L’unité de recherche clinique en économie de la santé (URC-Eco), dirigée par la Pr Isabelle Durand-Zaleski, est une structure transversale de la Direction de la Recherche Clinique et de l’Innovation (DRCI) de l’AP-HP. Créée en 2007, elle a pour objectif d’apporter le soutien nécessaire à la conduite de projets d’évaluation économique des innovations diagnostiques, thérapeutiques et organisationnelles.

Contact presse : Pr Isabelle Durand-Zaleski < isabelle.durand-zaleski@aphp.fr>

 

Contexte

Le cancer colorectal est la 2ème cause de décès par cancer en France. Son incidence est de près de 45.000 nouveaux cas par an en 2017, avec une survie à 5 ans estimée à 63 % en 2015 (données INCa).

Les métastases sont observées dans 40 à 60 % des cas de cancer colorectal. Le taux de survie à 5 ans varie de 5 % à 15 % chez les malades ayant un cancer colorectal métastatique (CCRm) généralisé. Les dépenses liées au traitement du cancer colorectal sont estimées par l’Assurance maladie en 2016 à 1,6 Md€ par an, soit environ 10 % des dépenses totales des cancers. Dans le cadre des différents Plan Cancer, la prise en charge des patients s’inscrit dans un programme personnalisé de soins. Une réunion de concertation pluridisciplinaire (RCP) permet d’élaborer des recommandations, entre le dispositif d’annonce diagnostique et le début du traitement, en accord avec le patient.
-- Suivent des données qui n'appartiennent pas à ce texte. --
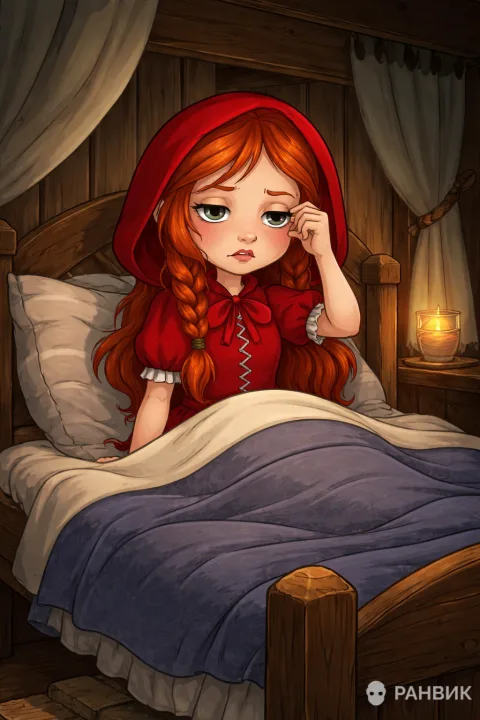 Картинка показывает сказочную героиню в момент пробуждения: рыжие косы, красный капюшон и сонный взгляд в деревянной кровати с резными спинками. В кадре ощущается камерность и тишина, а внимание удерживает выражение лица и мягкая поза по пояс в постели.

Deux types de traitements sont utilisés pour soigner les cancers du côlon : la chirurgie et les protocoles médicamenteux (chimiothérapies et thérapies ciblées). Ces traitements peuvent être utilisés seuls ou en association. Le choix actuel d’une 1ère ligne de chimiothérapie est laissé au choix du praticien après orientation du RCP et aucune donnée de la littérature ne permet de définir le bénéfice de débuter par une mono-, une bi- ou une tri-chimiothérapie pour s’orienter ensuite vers une escalade ou une désescalade thérapeutique. La chimiothérapie est souvent inefficace sur la maladie et génère des effets secondaires qui altèrent la qualité de vie, d’où l’importance de développer des outils permettant d’orienter l’arsenal thérapeutique.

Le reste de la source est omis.